Имеет смысл задержаться еще на одной рецензии, которую Гёте написал уже в Вецларе. Отталкиваясь от совершенно банальной, традиционной любовной истории, он рисует образ влюбленных, которые, по его мнению, действительно достойны того, чтобы появиться на страницах романа. Вот что он пишет:
«О гений отчизны! Сделай так, чтобы в самом ближайшем будущем на твоей земле родился и расцвел юноша, который был бы весел и полон сил, был бы лучшим другом и собеседником в своем кругу, славным и учтивым малым, пел бы самые радостные песни <…>, а лучшая танцовщица с восторгом протягивала бы ему руку <…>, и чтобы он нашел девушку, достойную его!

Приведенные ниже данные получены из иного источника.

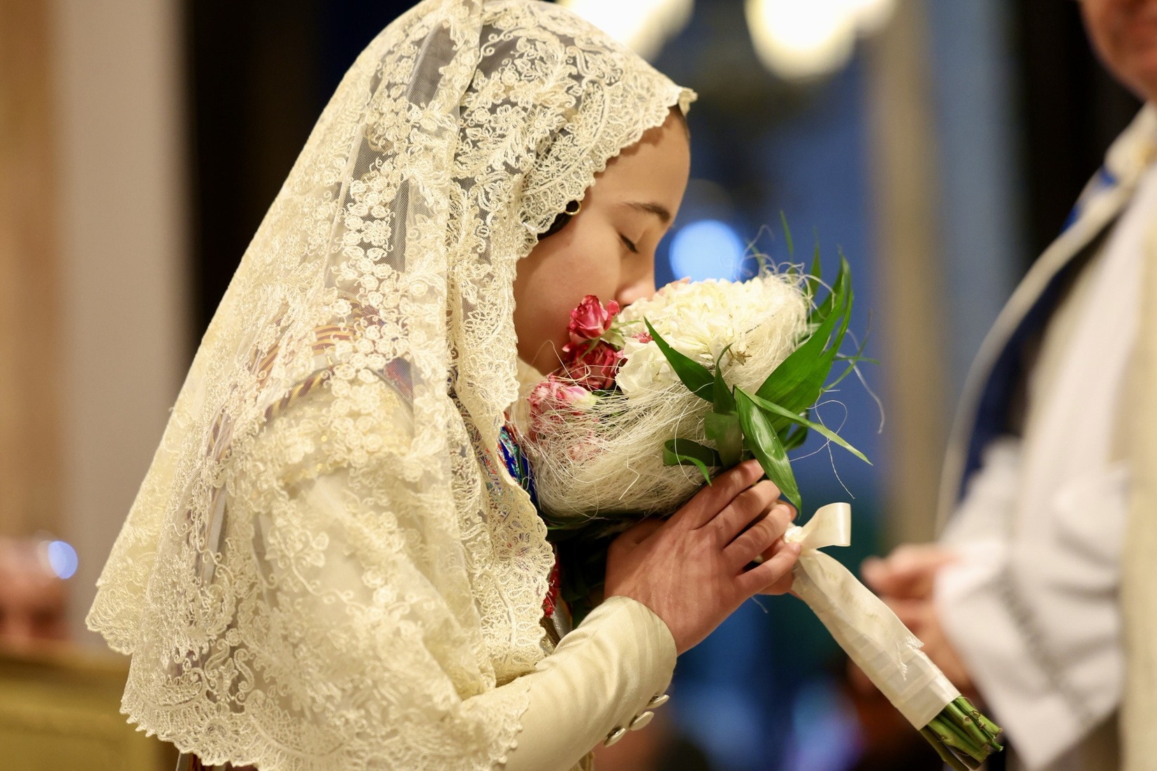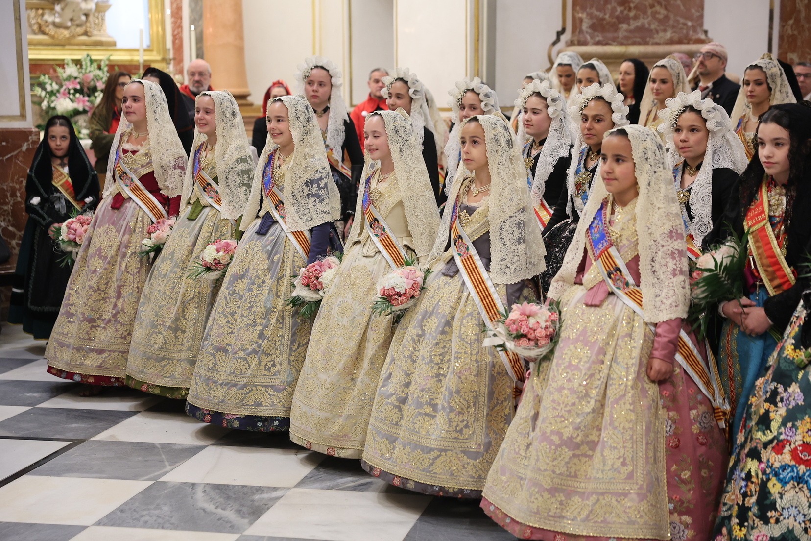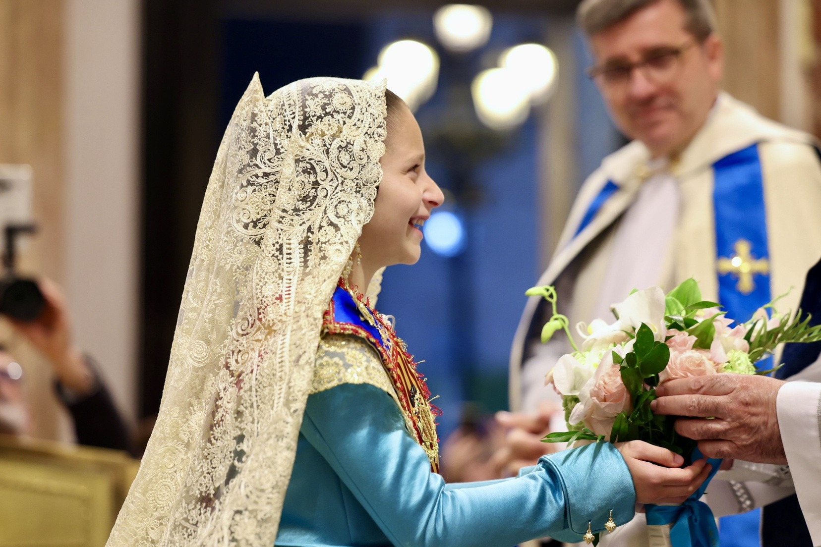 Dins de la Basílica, han oferit les seues flors també les representants infantils de Múrcia, Burgos, Alacant i Castelló, així com la mare de Marta.

А когда, ведомый святыми чувствами, он покинет шумный свет и будет искать уединения, сделай так, чтобы, совершая свое паломничество, он встретил девушку, душа которой, вкупе с прелестным обликом, безмятежно росла, раскрывая свою доброту в тихом семейном кругу домашней деятельной любви. Всеобщая любимица, подруга, помощница матери, вторая мать в доме, чья неустанно любящая душа неудержимо влечет к себе сердце каждого, поэты, и мудрецы готовы у нее учиться, с восторгом глядя на прирожденную добродетель вкупе с довольством и красотой. Пусть в часы тихого одиночества она почувствует, что, несмотря на повсеместное присутствие любви, ей все же чего-то не хватает, не хватает сердца – молодого и теплого, как ее собственное, которое бы вместе с ней предчувствовало далекие, скрытые от глаз радости этого мира, живительное присутствие которого сопровождало бы ее в ее стремлении к сияющим горизонтам вечного содружества, непреходящего слияния, бессмертной любви.
Пусть эти двое найдут друг друга, и при первой же встрече в них зародится неясное и сильное предчувствие, что в другом воплощено высшее счастье и блаженство, и пусть они никогда не расстаются. <…> В его [юноши] песнях будет правда и живая красота, а не те яркие раздутые идеалы, что, подобно мыльным пузырям, наполняют сотни немецких песен.